Although we have not yet made our first sale we are expecting to sell it to an Indian BPO company in Pune soon. Though it's not a very large BPO we think that it is a good entry for Druvaa in the BPO space. We would like to address a lot of other verticals but the BPO industry will do to begin with.

How can you sell your product at one-sixth the cost of that of your competitor?

Ramani: It is like this. People use any software product not because it is ideal for them but because everybody else is using it.

For instance if I tell you that there is something better than Microsoft Word then you may not be interested because a) you are so familiar with Word that you may not find it useful to learn how to use a new product and b) if you send that file across then the person at the other end should also have the same software installed to run it.

So people use particular software for a lack of choice. When we developed our product keeping in mind the actual user requirement in India we realised that it doesn't need all the sophisticated features that users hardly use. For they not only make the product complicated but also increase the cost for the user.

The size of our entire software is only about 10 MB. It's so well-engineered that we can even e-mail across it to our clients.

Also to deploy any replication software you need a skilled engineer who works on a time-bound pay to deploy that software. Our replicator software can be installed and deployed in an hour's time. The main purpose of our product is to replicate data in case of a crisis.

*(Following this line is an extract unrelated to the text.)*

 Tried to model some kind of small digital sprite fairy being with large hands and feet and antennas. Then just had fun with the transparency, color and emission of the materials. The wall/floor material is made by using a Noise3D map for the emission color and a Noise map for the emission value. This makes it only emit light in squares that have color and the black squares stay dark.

Our product is user-driven and feature-specific. Also maintenance of our product is very simple. Addressing these issues has helped us develop a low cost software product that can give a tough time to our competitors.

Do you think you have a world-class product and it is only a matter of time before it is accepted across the world?

Milind: If you compare our product with the best in the domain then more than 80 per cent of their features are identical. At the same time our product has advantages in performance, usability and simplicity. But our product doesn't have other complicated features like n is to n replication (this technology facilitates n number of computers under threat replicate data to n number of computers located anywhere in the world; in simple words this technology is a scale up of Druvaa's one is to one replicator).

However, that is in our roadmap and once we include this feature into our product I think we will be the best.

It is only a matter of resources. We shall be able to achieve n is to n replication in another six months and then you could call our product the world's best. We are four of us working on this feature now and we plan to hire four more engineers to develop the n is to n replicator product. You don't need a huge team to build a world-class product; only a few technology geniuses can do it.

How soon will you ship your product to foreign companies?

Ramani: Sukanto Ganguly from the US, who is on our board of directors, will help us take our product to the US market soon. Also, my boss at IBM Australia, Sharon Dempsey, has started her own company Certainty Soft. She plans to sell Druvaa products in the Australian market. So things, as we see, look bright to us at Druvaa.